Now we know the enemy in the health-care debate, the really, truly despicable people, the worms who ought to be stuffed back in the dirt they crawled out of. It’s ordinary citizens who have had the temerity to show up at meetings of their representatives in Congress, asking in so many words — “What in the name of heaven are you planning to do with our lives?”

Happy enough to be cheerleaders when Cindy Sheehan and her ragtag followers were out and about calling George W. Bush a mass murderer, Democrats, the left generally, some pretend journalists and a number of big-name commentators are aghast at a lack of respect for the Washington malefactors, fearful that someone will think everyday Americans actually know what they’re talking about and worried about how hard it will be to set the record straight if their critiques are widely circulated.

Nancy Pelosi goes further. She asserts swastikas had been spotted at these protests, as if that is comment enough. Listen, speaker of the House: There are kooks out there. No matter what the event, kooks show up. I have no idea whether someone with a swastika actually was at some health-care protest or two or three, but that would hardly mean what Pelosi implied, that what we have here is just a bunch of neo-Nazis. What we have are people who have been following developments and very well may grasp what is at stake in the rush-job “reform” proposals better than poor Pelosi ever could or even more than some gullible, non-sequitur-plagued, exaggerating writers in big-time media.

Here’s the deal. The Democrats contend health care is a “right,” which is to say they think health insurance should be an entitlement provided free if necessary to every single American resident, including people who simply don’t want it and illegal aliens who are likely to be given plenty of opportunity to obtain government handouts without fear of detection. One device to accomplish universal insurance would be a so-called public plan, which is to say a government-run alternative that sooner or later might well be the only show in town, even though all but the very tiniest businesses would be required to either provide health insurance or pay a penalty.
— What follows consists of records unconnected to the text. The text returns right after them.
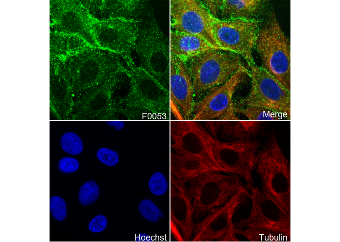 • Immunofluorescent analysis of A549 cells using F0053 (green, 1:50), Hoechst (blue) and tubulin (Red).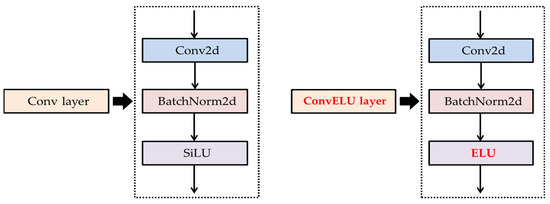 The SiLU (Swish) activation function can solve these problems, but it is only available in the hidden layers of deep neural networks and has the disadvantage that it can only be used in reinforcement learning-based systems. To solve this comprehensive problem, we used ELU (Exponential Linear Unit) as an activation function. SiLU activation function, which was previously used in the Conv layer, was replaced by the ELU activation function, as shown in Figure 3.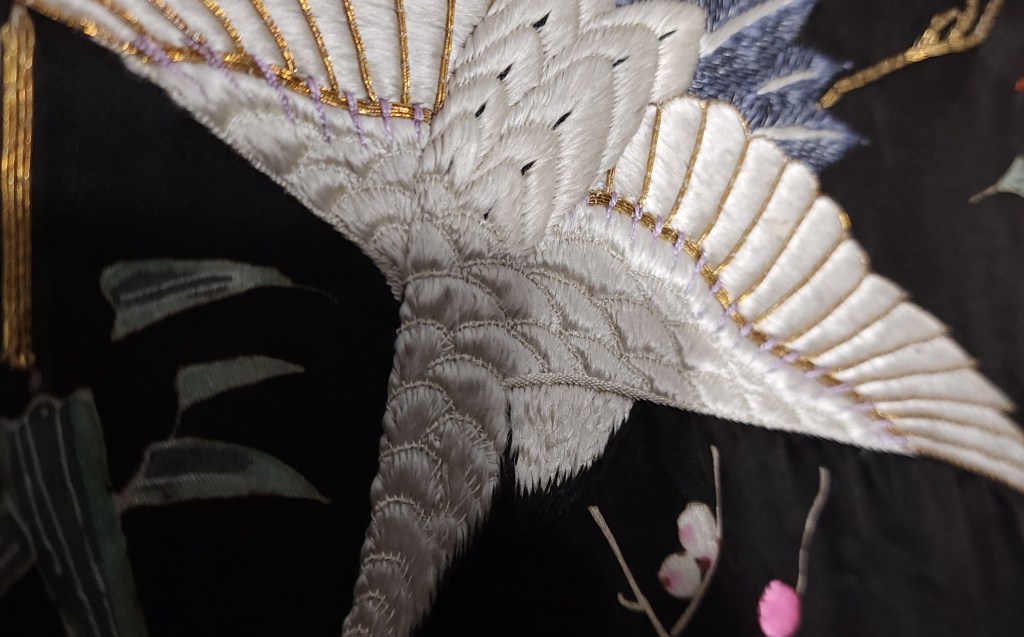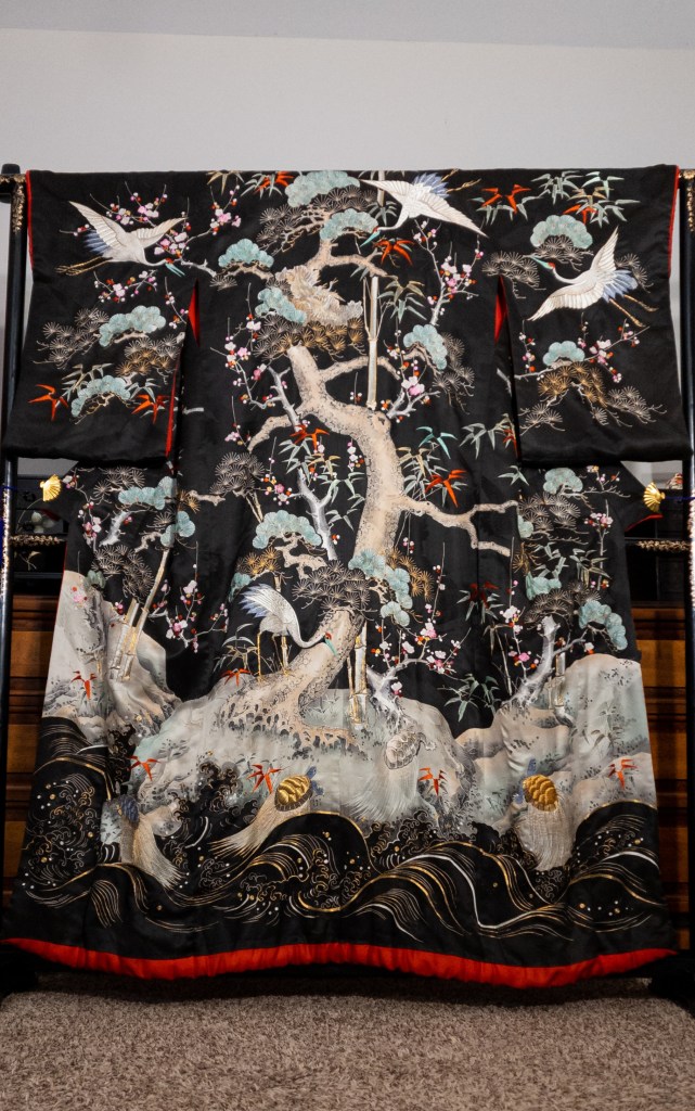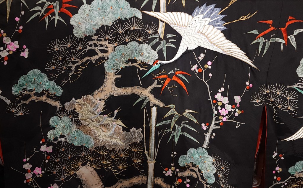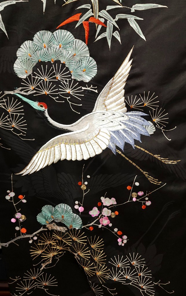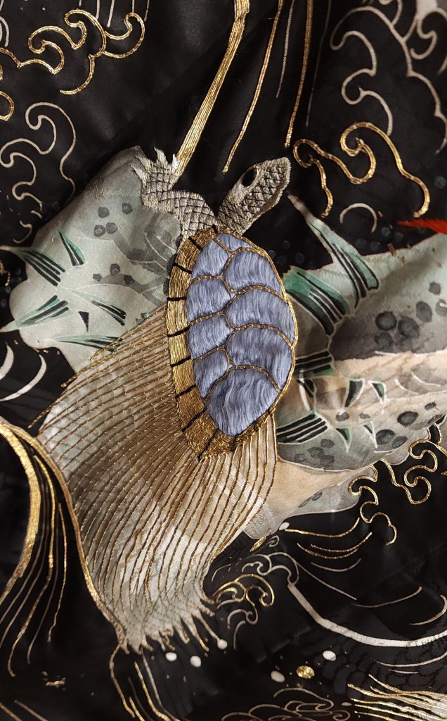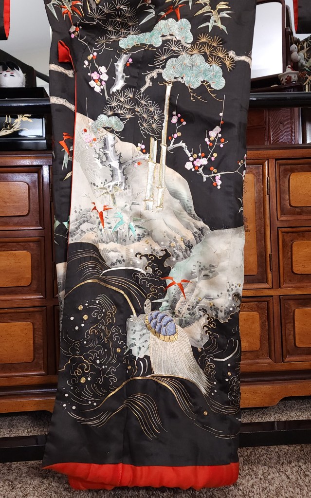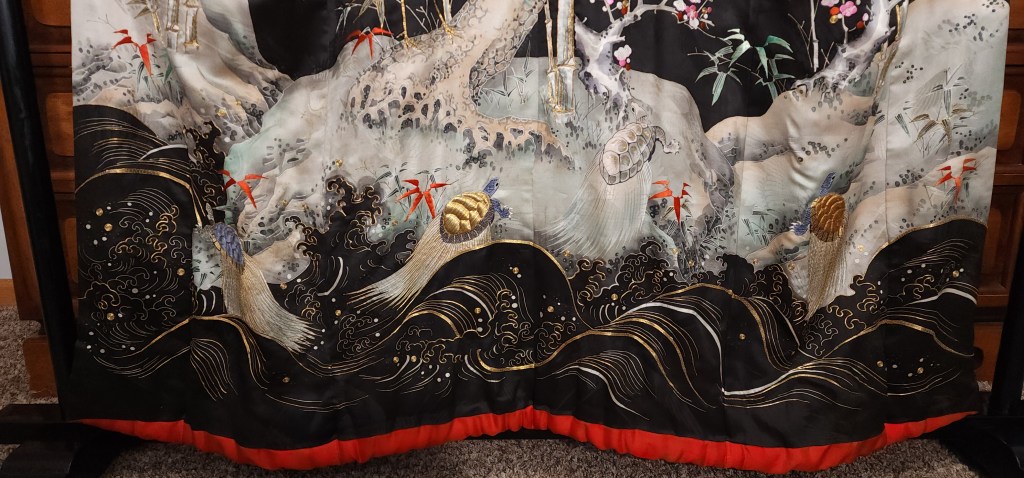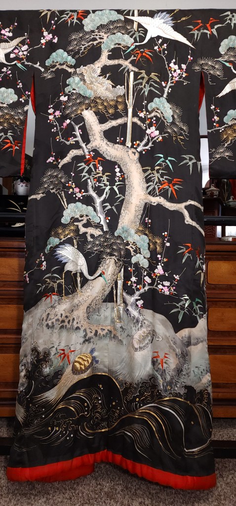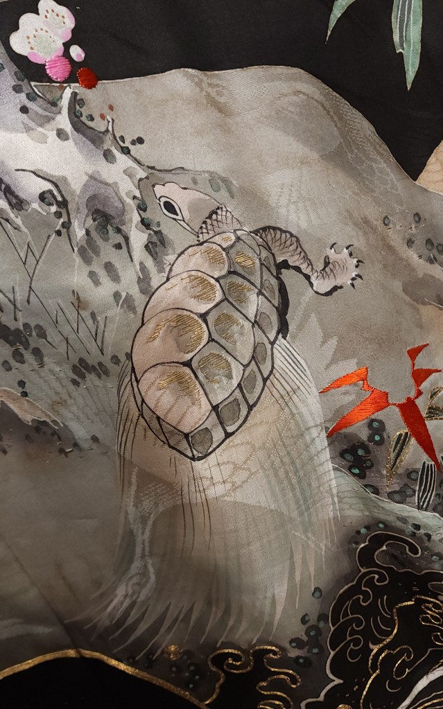 What you’re looking at, then, is a beautiful Meiji Era (October 23, 1868 – July 30, 1912) uchikake–the outermost garment of a bride’s wedding ensemble. The short sleeves are normal for this era. The heavily couched embroidery on a deep, beautifully soft and shiny jimon (pattern woven into silk) of tsuru (cranes). It features an amazing old growth matsu (pine) that is surrounded by branches of ume (plum blossoms) and leaves of sasa (bamboo), completing the shochikubai theme which is a great favorite of mine. A the hem, emerging from crashing nami (waves), we have four majestic minogame (old tortoises with moss growing from their backs).

According to the most trustworthy non-partisan people in D.C. — the staff of the Congressional Budget Office — the cost of current Democratic bills would be enormous, at least another trillion dollars over the next decade. This will come on top of the tens of trillions of dollars in unfunded liabilities already owed to Medicare, money that will be due to beneficiaries beyond what will be available from tax revenues or any means other than higher taxes or deficit borrowing. At some point, and not all that much further down the pike, we will have annual, economy-wrecking obligations making this year’s stimulus package and bailout billions look like pipsqueak stuff, and meanwhile count on higher premiums caused by still more mandates on insurance companies.

Something will have to give, and a hint of what that will be is contained in the idea of President Obama to have a Medicare panel making sweeping decisions on fees and advisable care. Severe rationing could eventually become the way of things, no matter what dodges you are told about new efficiencies or preventive health practices doing the money-saving job. Given how much we’ve recently been hearing about how old people really don’t need as much care as they are now getting, I’d say they should keep a keen eye on the formulas Obama and friends have in mind.

The short of it is that while incremental, gradual, market-based reform is certainly needed along with a careful restructuring of Medicare, a really, really big, all-at-once, statist, semi-socialist transition will have even bigger unintended consequences, and ordinary citizens will pay dearly unless their insights can help forestall the hubris.